» ACTIVITY:
Among the entries below, which lines run from the line with "Новинка 2022, Летняя" through the line with "Tyto saténové šaty"? Retype those, both ends included, exactly and without pictures.

» ENTRIES PROVIDED:
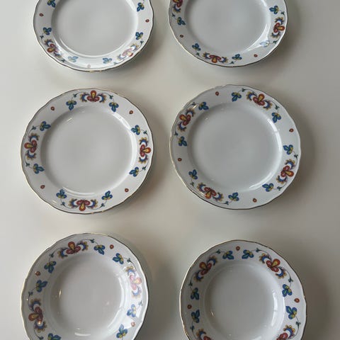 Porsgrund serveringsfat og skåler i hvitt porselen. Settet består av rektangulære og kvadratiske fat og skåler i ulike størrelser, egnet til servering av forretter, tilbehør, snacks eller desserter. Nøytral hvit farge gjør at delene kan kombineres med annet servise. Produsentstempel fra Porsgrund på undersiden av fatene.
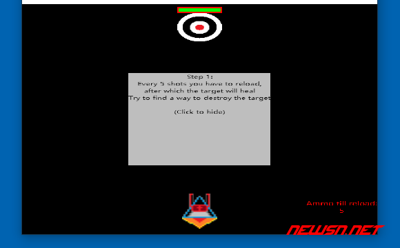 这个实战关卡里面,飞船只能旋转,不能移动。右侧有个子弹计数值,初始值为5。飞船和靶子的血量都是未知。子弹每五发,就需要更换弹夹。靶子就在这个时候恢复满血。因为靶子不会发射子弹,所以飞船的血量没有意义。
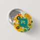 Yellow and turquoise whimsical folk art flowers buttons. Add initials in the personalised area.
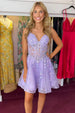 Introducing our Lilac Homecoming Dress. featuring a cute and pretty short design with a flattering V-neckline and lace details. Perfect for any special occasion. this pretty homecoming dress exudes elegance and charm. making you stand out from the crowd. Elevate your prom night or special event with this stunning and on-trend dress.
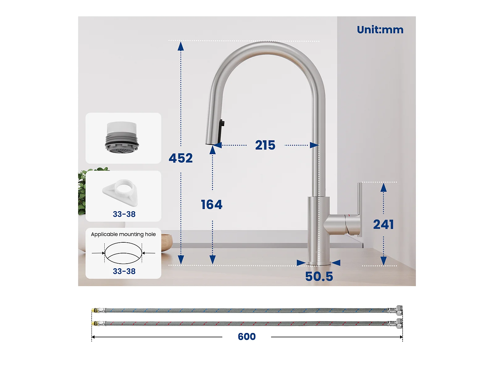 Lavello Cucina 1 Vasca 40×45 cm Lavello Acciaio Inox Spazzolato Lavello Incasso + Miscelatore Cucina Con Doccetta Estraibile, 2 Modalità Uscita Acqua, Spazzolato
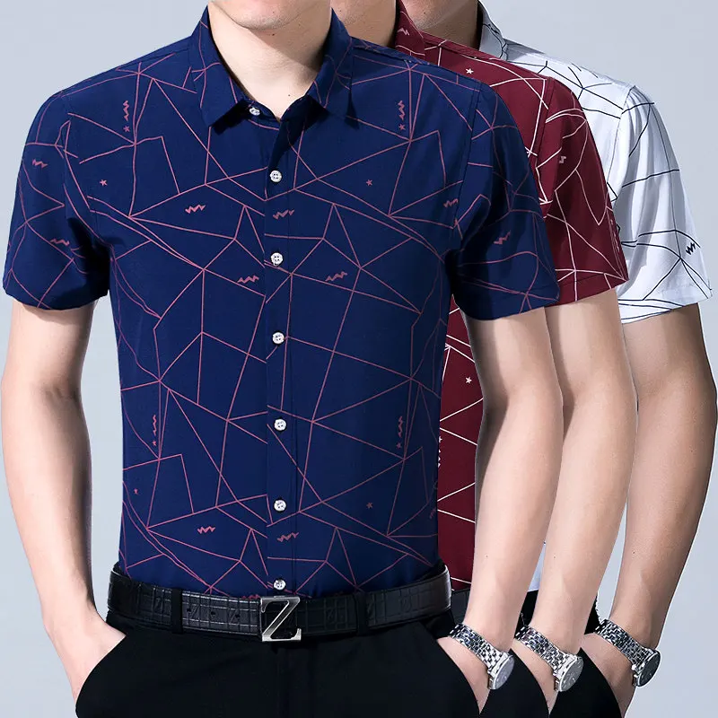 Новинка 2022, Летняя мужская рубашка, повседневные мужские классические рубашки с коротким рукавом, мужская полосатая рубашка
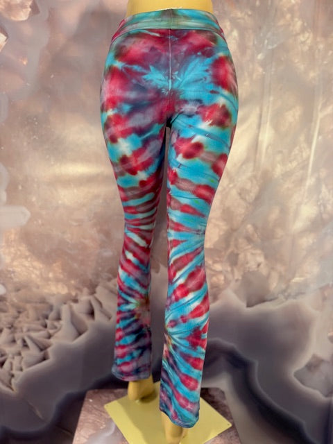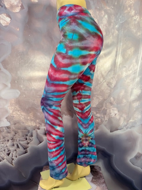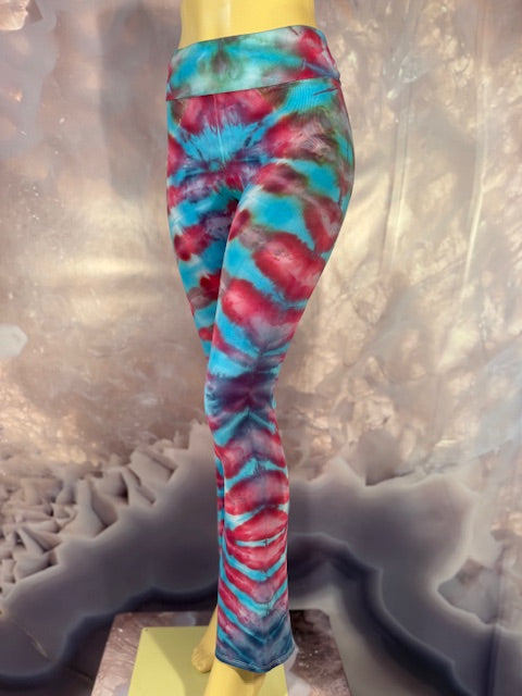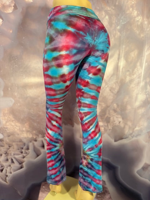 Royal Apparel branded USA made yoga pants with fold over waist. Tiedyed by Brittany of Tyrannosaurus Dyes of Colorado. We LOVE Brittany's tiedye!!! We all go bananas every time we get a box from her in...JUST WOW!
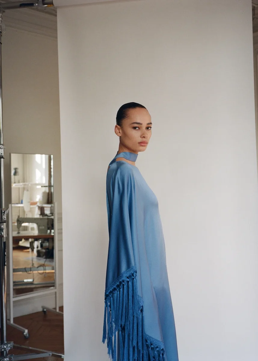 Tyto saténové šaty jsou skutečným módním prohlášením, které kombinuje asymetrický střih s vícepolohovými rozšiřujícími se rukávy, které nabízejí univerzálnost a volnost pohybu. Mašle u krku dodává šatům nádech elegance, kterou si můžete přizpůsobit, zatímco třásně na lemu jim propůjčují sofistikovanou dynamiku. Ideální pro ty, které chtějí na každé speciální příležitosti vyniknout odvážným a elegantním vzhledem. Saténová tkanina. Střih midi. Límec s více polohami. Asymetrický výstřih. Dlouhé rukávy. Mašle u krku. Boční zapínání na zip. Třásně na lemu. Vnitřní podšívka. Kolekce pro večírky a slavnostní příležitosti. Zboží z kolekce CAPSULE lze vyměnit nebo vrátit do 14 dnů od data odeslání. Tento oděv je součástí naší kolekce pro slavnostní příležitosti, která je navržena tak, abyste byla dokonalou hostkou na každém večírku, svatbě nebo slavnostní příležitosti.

* * *

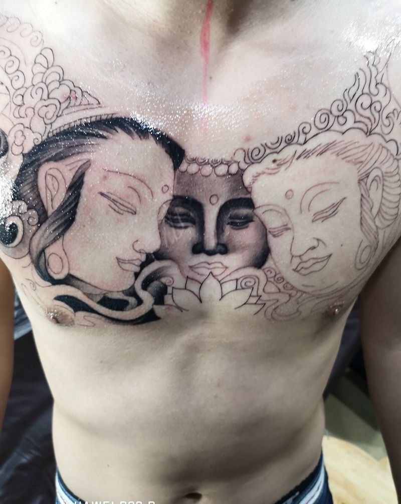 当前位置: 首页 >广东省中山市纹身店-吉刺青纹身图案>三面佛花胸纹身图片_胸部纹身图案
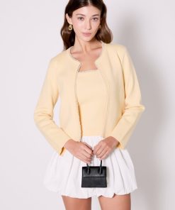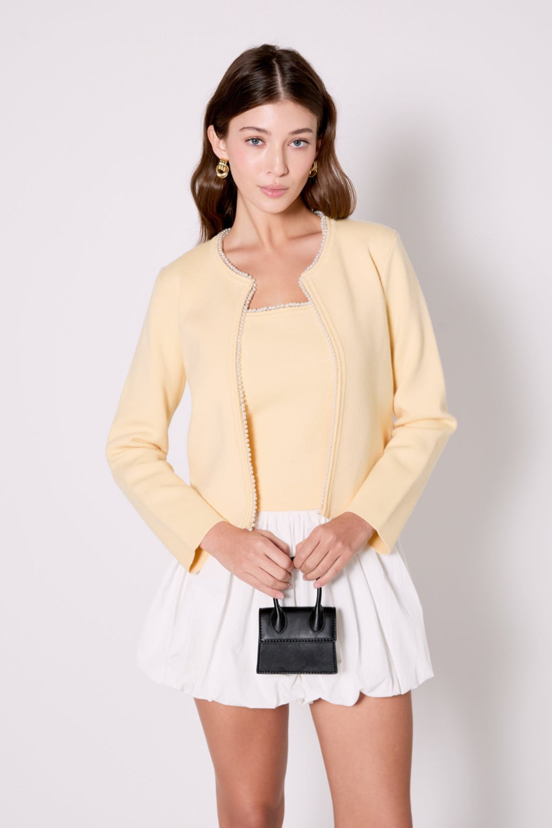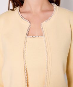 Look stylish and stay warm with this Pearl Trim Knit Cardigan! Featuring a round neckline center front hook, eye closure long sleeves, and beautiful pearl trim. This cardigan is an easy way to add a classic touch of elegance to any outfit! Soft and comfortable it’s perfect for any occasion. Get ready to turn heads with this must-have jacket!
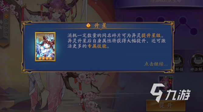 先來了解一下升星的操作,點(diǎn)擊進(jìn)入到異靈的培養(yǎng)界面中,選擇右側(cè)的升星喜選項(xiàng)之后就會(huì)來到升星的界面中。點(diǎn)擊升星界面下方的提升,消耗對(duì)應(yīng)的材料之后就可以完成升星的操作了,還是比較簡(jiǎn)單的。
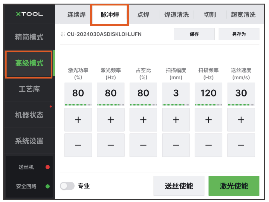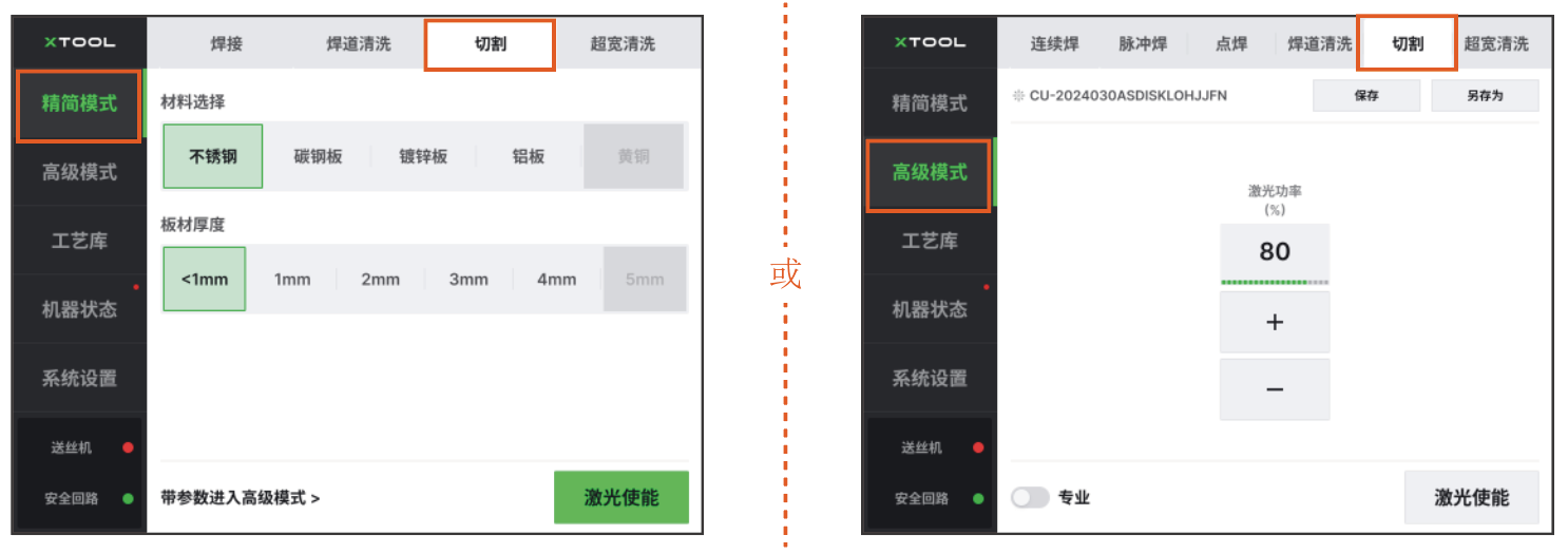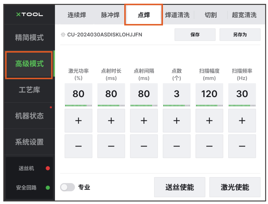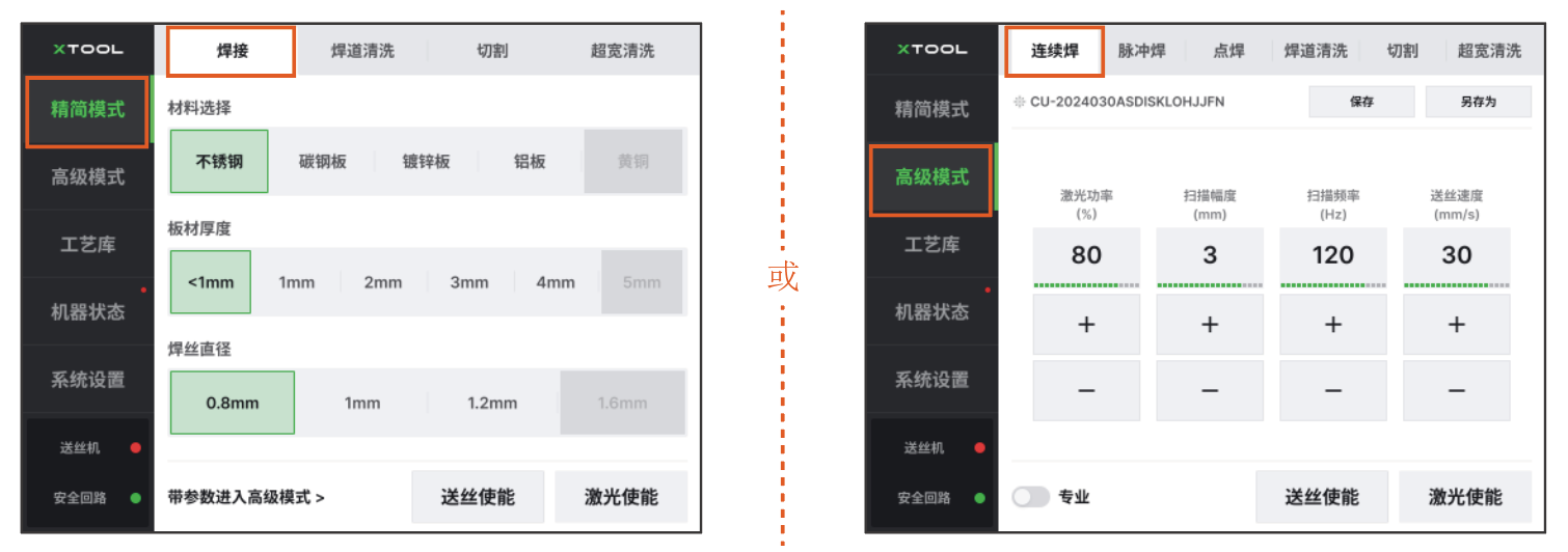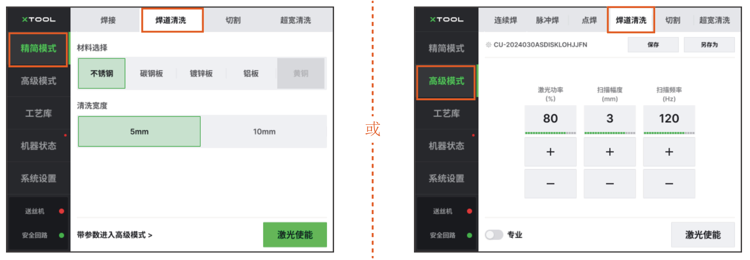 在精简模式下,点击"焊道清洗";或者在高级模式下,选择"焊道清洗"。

» FINISHED TASK:
 Новинка 2022, Летняя мужская рубашка, повседневные мужские классические рубашки с коротким рукавом, мужская полосатая рубашка
 Royal Apparel branded USA made yoga pants with fold over waist. Tiedyed by Brittany of Tyrannosaurus Dyes of Colorado. We LOVE Brittany's tiedye!!! We all go bananas every time we get a box from her in...JUST WOW!
 Tyto saténové šaty jsou skutečným módním prohlášením, které kombinuje asymetrický střih s vícepolohovými rozšiřujícími se rukávy, které nabízejí univerzálnost a volnost pohybu. Mašle u krku dodává šatům nádech elegance, kterou si můžete přizpůsobit, zatímco třásně na lemu jim propůjčují sofistikovanou dynamiku. Ideální pro ty, které chtějí na každé speciální příležitosti vyniknout odvážným a elegantním vzhledem. Saténová tkanina. Střih midi. Límec s více polohami. Asymetrický výstřih. Dlouhé rukávy. Mašle u krku. Boční zapínání na zip. Třásně na lemu. Vnitřní podšívka. Kolekce pro večírky a slavnostní příležitosti. Zboží z kolekce CAPSULE lze vyměnit nebo vrátit do 14 dnů od data odeslání. Tento oděv je součástí naší kolekce pro slavnostní příležitosti, která je navržena tak, abyste byla dokonalou hostkou na každém večírku, svatbě nebo slavnostní příležitosti.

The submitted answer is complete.